When the Mormons were expelled from Jackson County at the end of 1833, they were quite understandably worried about what to do with their property. As they relocated in what would become Nauvoo, Illinois, they were instructed to put their energy and resources into building this new home. In March 1839 Joseph Smith “counseled to sell all the land in Jackson county, and all other lands in the state whatsoever.” [1] Within the next two years, a revelation was given absolving the Saints of their responsibilities by the word of the Lord: “. . . I have accepted the offering of those men who I commanded to build up a city and a house unto my name in Jackson county, Missouri…” They were told that if enemies hindered them from their work, God would “require that work no more.” [2]
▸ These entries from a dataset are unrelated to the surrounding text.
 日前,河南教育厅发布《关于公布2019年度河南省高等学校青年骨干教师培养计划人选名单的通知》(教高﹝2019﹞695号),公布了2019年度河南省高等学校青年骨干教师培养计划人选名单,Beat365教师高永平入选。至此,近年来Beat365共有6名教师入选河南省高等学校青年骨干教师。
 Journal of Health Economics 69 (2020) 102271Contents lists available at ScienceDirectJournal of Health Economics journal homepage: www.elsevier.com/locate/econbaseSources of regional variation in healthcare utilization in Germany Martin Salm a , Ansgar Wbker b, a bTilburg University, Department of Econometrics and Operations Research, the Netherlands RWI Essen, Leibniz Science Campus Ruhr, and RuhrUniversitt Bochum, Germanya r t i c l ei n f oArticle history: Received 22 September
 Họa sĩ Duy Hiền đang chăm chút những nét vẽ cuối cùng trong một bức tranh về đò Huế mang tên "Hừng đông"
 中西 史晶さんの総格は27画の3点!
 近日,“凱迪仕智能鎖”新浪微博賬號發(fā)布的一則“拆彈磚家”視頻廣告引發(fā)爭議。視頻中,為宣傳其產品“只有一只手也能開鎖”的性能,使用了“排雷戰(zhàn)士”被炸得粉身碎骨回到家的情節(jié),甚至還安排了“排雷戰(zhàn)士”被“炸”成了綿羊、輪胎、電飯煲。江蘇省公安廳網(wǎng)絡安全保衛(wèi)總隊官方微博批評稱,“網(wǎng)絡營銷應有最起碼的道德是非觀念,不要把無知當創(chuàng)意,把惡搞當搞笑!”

It seems fascinating to me that in spite of the rescinding of the requirement to build Zion in Jackson County, leaders of the Church remained dedicated to the idea that the New Jerusalem would be raised in Missouri. Soon after the death of Joseph Smith, Brigham Young, speaking as president of the council of Twelve Apostles, stated in a conference on April 6, 1845:

“And when we get into Jackson county to walk in the courts of that house, we can say we built this temple: for as the Lord lives we will build up Jackson county in this generation.” [3]
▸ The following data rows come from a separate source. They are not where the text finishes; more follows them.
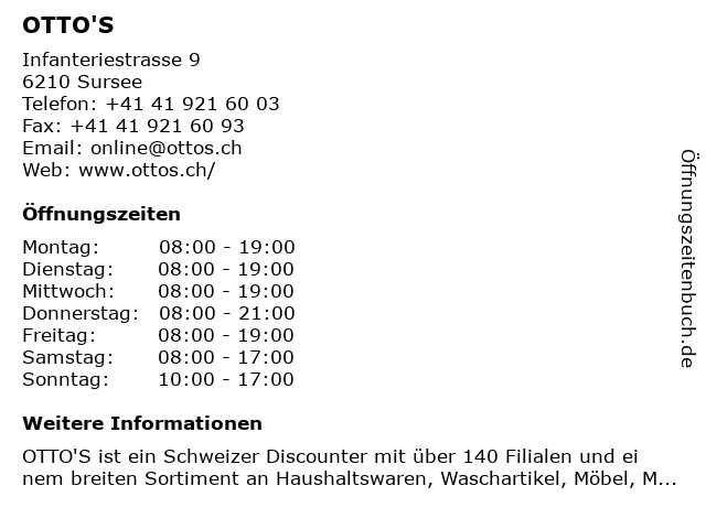 | Öffnungszeiten OTTO'S in Sursee anzeigen | |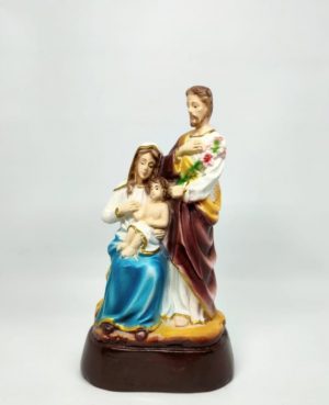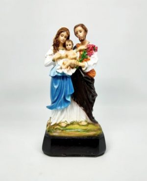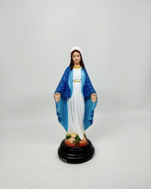 Patung Maria tangan terbuka terbuat dari bahan fiber berukuran 5,5 x 15 cm menampilkan sosok Maria dengan jubah warna dominan biru.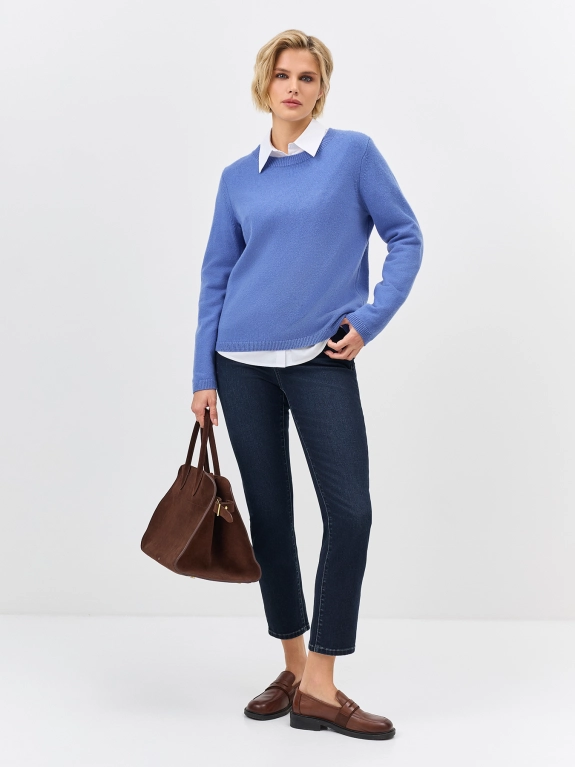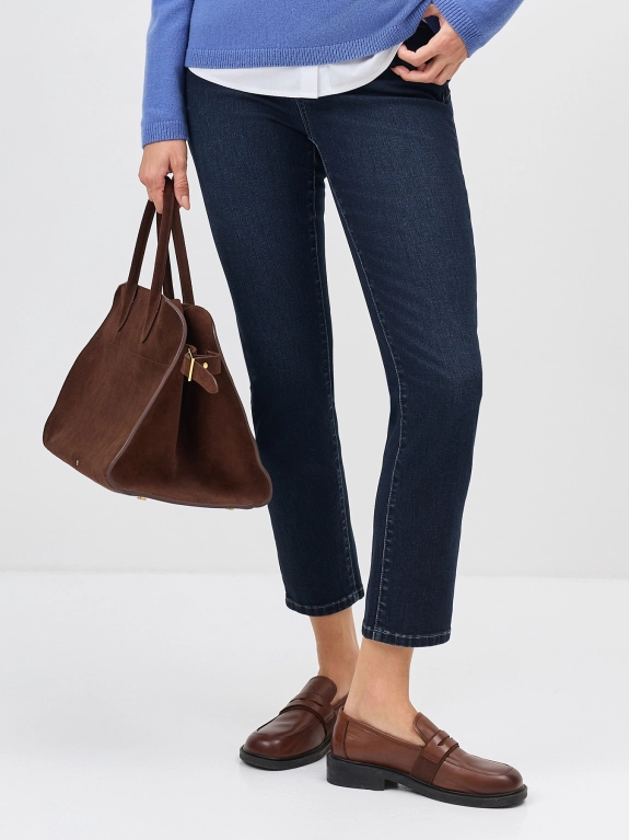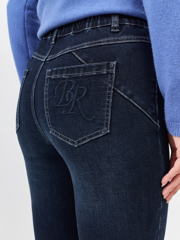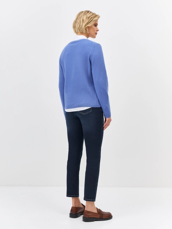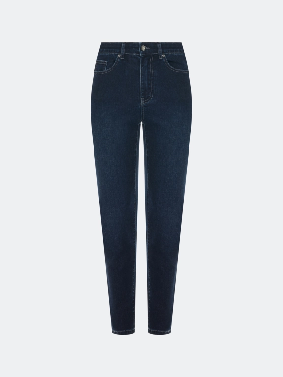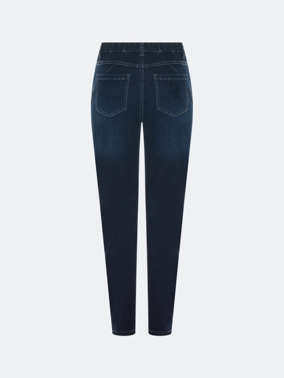 Синие джинсы SlimFit. Прилегающий силуэт. Застежка на молнию и металлическую пуговицу. Пять краманов. Дополнены деликатной вышивкой в цвет на заднем кармане. В составе спандекс.

This sentiment was perpetuated after the Mormons were established in the Salt Lake Valley. In 1871 Orson Pratt referred to D&C 84 and publicly insisted,

“Here then we see a prediction, and we believe it. Yes! The Latter-day Saints have as firm faith and rely upon this promise as much as they rely upon the promise of forgiveness of sins when they comply with the first principles of the Gospel. We just as much expect that a city will be built, called Zion, in the place and on the land which has been appointed by the Lord our God, and that a temple will be reared on the spot that has been selected, and the corner-stone of which has been laid, in the generation when this revelation was given; we just as much expect this as we expect the sun to rise in the morning and set in the evening; or as much as we expect to see the fulfillment of any of the purposes of the Lord our God, pertaining to the works of his hands. But say the objector, ‘thirty nine years have passed away.’ What of that? The generation has not passed away; all the people that were living thirty-nine years ago have not passed away; but before they do pass away this will be fulfilled.” [4]

Pratt exhibited full confidence that the D&C’s prophecy concerning the Missouri temple being reared “in this generation” would come to pass. But even more, he considered the establishment of Zion in Jackson County as essential to the LDS faith as the forgiveness of sins!
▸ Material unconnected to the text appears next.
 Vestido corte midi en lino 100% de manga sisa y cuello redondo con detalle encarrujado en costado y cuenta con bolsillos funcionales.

Even after the generation who was alive at the time of Joseph’s prophecy began to pass on, the hope was kept alive within the membership of the Church that one day a temple would be raised in Jackson County. Tidbits of information concerning the events of the last days often included references to Missouri. In October Conference of 1930, J. Golden Kimball remarked: “[t]he western boundaries of the State of Missouri will be swept so clean of its inhabitants that as President [Brigham] Young tells us, ‘when we return to that place there will not be as much as a yellow dog to wag his tail.'” [5]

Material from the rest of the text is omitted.